Internally, model state is represented using a different set of variables (vorticity, divergence, temperature variation and log surface pressure) more appropriate to NeuralGCM’s spectral dynamical core. Each variable is stored vertically on sigma levels and horizontally as spherical harmonic coefficients, and using Dinosaur’s internal non-dimensional units rather than SI units.

We can convert back using utility methods from Dinosaur and NeuralGCM:

from dinosaur import spherical_harmonic

nodal_vorticity = model.model_coords.horizontal.to_nodal(encoded.state.vorticity)
nodal_divergence = model.model_coords.horizontal.to_nodal(encoded.state.divergence)

nodal_u_wind, nodal_v_wind = spherical_harmonic.vor_div_to_uv_nodal(
    model.model_coords.horizontal,
    encoded.state.vorticity,
    encoded.state.divergence,
)

encoded_ds = model.data_to_xarray(
    {
        'vorticity': model.from_nondim_units(nodal_vorticity, '1/s'),
        'divergence': model.from_nondim_units(nodal_divergence, '1/s'),
        'u_wind': model.from_nondim_units(nodal_u_wind, 'm/s'),
        'v_wind': model.from_nondim_units(nodal_v_wind, 'm/s'),
    },
    times=None,
    decoded=False,
)
encoded_ds.u_wind.sel(level=[0.1, 0.5, 0.9], method='nearest').plot.imshow(
    x='longitude', y='latitude', col='level',
);
_images/836a1792f99b9d8be3ff5c8e5447542a9d28e390aa3705b69f8ddde1b08cf4b6.png

You can also work with state in the spherical harmonic (modal) representation, which is sometimes convenient, e.g., for calculating power spectra.

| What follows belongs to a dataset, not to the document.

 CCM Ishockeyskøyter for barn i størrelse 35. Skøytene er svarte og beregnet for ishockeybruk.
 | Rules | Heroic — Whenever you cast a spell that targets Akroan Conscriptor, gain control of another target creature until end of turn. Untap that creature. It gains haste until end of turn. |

Here care should be taken to ensure that structural sparsity is handled properly, because many of the entries in these arrays are always fixed at zero:

plt.matshow(encoded.state.temperature_variation[0] != 0);
_images/23b5c69b7e023bcb785496f45be3851d5679fc82200aeaf9eafc3424fbf0bf2e.png

The non-zero mask can be accessed programmatically:

model.model_coords.horizontal.mask
array([[ True,  True,  True, ...,  True,  True,  True],
       [False, False, False, ..., False, False, False],
       [False,  True,  True, ...,  True,  True,  True],
       ...,
       [False, False, False, ...,  True,  True,  True],
       [False, False, False, ..., False,  True,  True],
       [False, False, False, ..., False,  True,  True]])

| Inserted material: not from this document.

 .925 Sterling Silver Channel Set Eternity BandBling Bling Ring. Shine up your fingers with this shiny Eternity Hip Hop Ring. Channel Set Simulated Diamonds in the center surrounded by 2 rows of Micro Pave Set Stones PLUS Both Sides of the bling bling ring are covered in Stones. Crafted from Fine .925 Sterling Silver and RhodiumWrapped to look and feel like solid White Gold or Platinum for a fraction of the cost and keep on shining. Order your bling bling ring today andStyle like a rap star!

For more details, see the source code for spherical harmonics in Dinosaur.

Random noise

NeuralGCM stochastic models use JAX’s deterministic and explicit random number generation.

You can control noise via the rng_key argument in encode(), which is optional for deterministic models. To make multiple stochastic forecasts (as many as desired), simply pass in different RNG keys, e.g.,

encoded = model.encode(inputs, forcings, jax.random.key(0))
encoded2 = model.encode(inputs, forcings, jax.random.key(1))
# slightly different average temperatures
encoded.state.temperature_variation.mean(), encoded2.state.temperature_variation.mean()
(Array(-0.00401366, dtype=float32), Array(-0.00391874, dtype=float32))

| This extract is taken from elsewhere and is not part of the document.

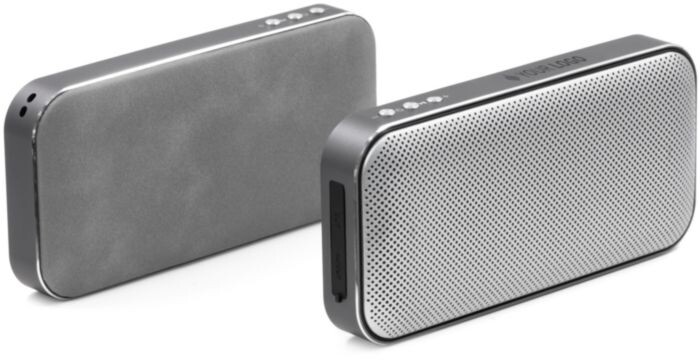 Kompaktný bezdrôtový reproduktor a powerbanka navrhnutá na pohodlné prenášanie. Je vybavená 10W systémom Ambient Harmonics™ s duálnymi meničmi pre čistý zvuk a vstavanou 5 000 mAh powerbankou s rýchlym nabíjaním až 20 W (kompatibilný s PD3.0 a QC3.0). Súčasťou je elegantné hliníkové tlačidlá na pozastavenie, prehrávanie a ovládanie hlasitosti. Je vybavená Bluetooth a USB-C pripojením. Ideálne pre profesionálov na cestách. Rozmery: 15,7 x 7,6 x 3 cm.

Randomness in the learned physics is also controlled via the same rng_key argument, which initializes an RNG key on the model state. You can visualize the Gaussian random fields:

xarray.DataArray(
    encoded.randomness.nodal_value,
    dims=['field', 'longitude', 'latitude'],
).plot(x='longitude', y='latitude', col='field', col_wrap=2, aspect=2, size=2);
_images/c7cffdbebbe70752203b9587248f10f559bcc7b0b83f3f91d65b5dc7a4679951.png

Adjusting random noise on an existing model state is also possible (on current stochastic NeuralGCM models) by replacing encoded.randomness.rng_key, e.g.,

encoded_with_new_rng = encoded.replace(randomness=encoded.randomness.replace(prng_key=jax.random.key(123)))

These fields will slowly diverge after advancing in time due to new noise being injected at each time step:

advanced_with_new_rng = model.advance(encoded_with_new_rng, forcings)
advanced.state.temperature_variation.mean(), advanced_with_new_rng.state.temperature_variation.mean()
(Array(-0.00416081, dtype=float32), Array(-0.00420048, dtype=float32))